We invited participant laboratories from industry, contract research organizations (CROs), academia and public health institutions who regularly conduct hemagglutination inhibition (HAI) and microneutralization (MN) assays and have an interest in serology standardization. In total 16 laboratories returned data including 19 data sets for HAI assays and 9 data sets for MN assays.
Within run analysis demonstrated good laboratory performance for HAI, with intrinsically higher levels of intra-assay variation for MN assays.

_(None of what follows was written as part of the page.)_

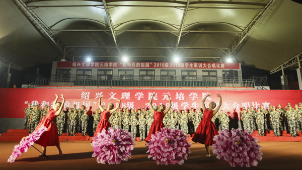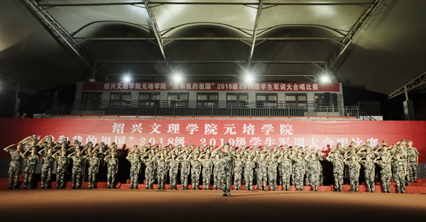 军训是一种拼搏,一种较量,一种坚强的拔节,军歌就是军训中美丽的点缀。比赛现场,同学们军姿严整,精神饱满,平日里训练场上的整齐步伐演绎成了振奋人心的青春旋律。《强军战歌》《在灿烂的阳光下》《保卫黄河》《当那一天来临》《英雄宣言》等一首首军歌、红歌唱出了坚韧执着、唱出了激情豪迈,满腔热情的红色经典诗朗诵、形式多样的队形变换、精心编排的舞蹈表演,各个比赛队不仅展露了学员们嘹亮的歌声 ,更展现了元培学子的青春风貌。经过激烈的角逐,来自信息与机电工程分院的第12连荣获大合唱比赛一等奖。比赛最后,在合唱团常驻指导曹敏老师的指挥下,学院大学生合唱团在牛路老师的领唱下,全场合唱歌曲《我和我的祖国》,用歌声献礼新中国70年华诞,献给我们的祖国母亲!比赛在全体师生充满拳拳爱国之情的歌声中圆满落幕。
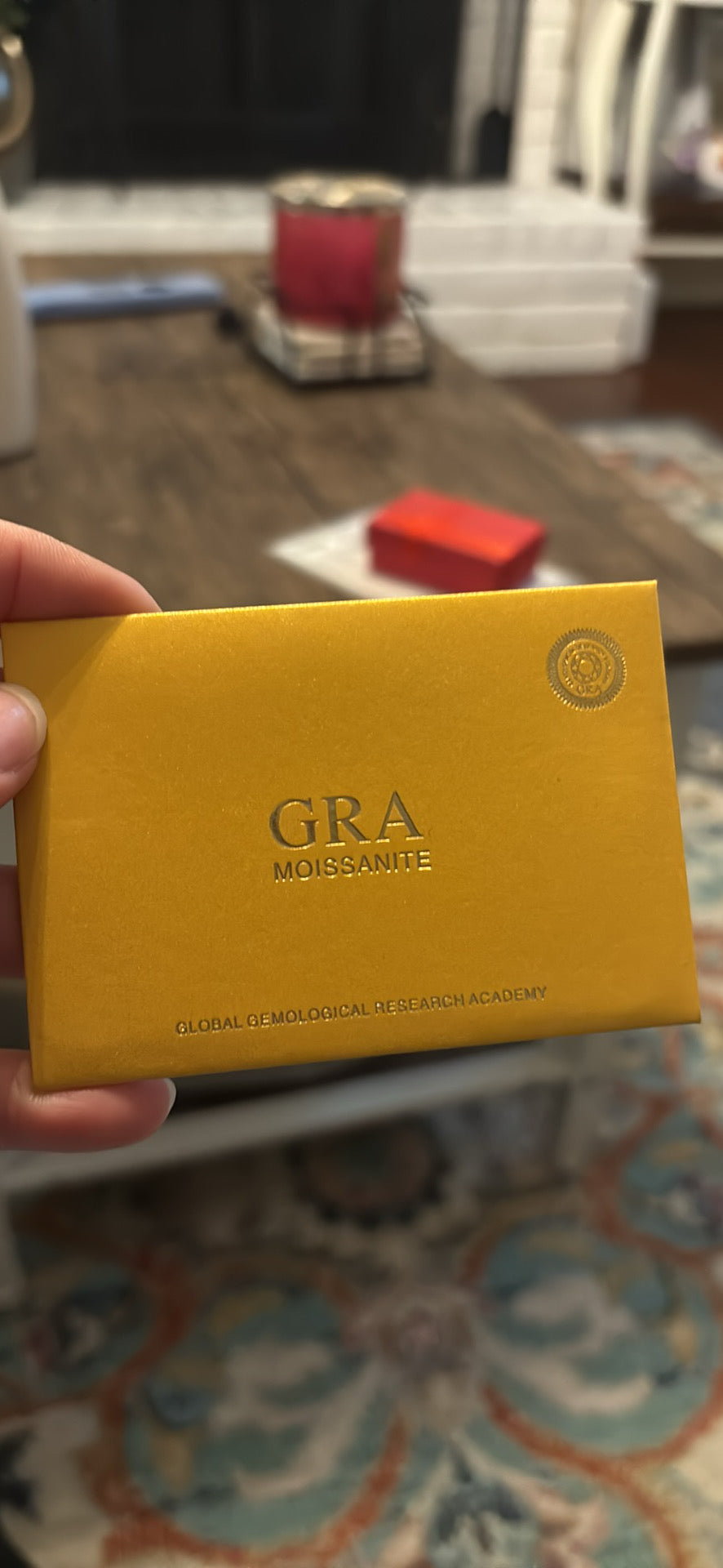 Beautiful, classic 10k solid gold band set with a GRA Moissanite. Brand new in box with certificate.

Between run analysis showed laboratory and strain specific issues, particularly with B strains for HAI, whilst MN testing was consistently good across labs and strains. Inter-laboratory variability was higher for MN assays than HAI, however both assays showed a significant reduction in inter-laboratory variation when a human sera pool is used as a standard for normalization.
This study has received positive feedback from participants, highlighting the benefit such an EQA scheme would have on improving laboratory performance, reducing inter laboratory variation and raising awareness of both harmonized protocol use and the benefit of biological standards for seasonal influenza serology testing.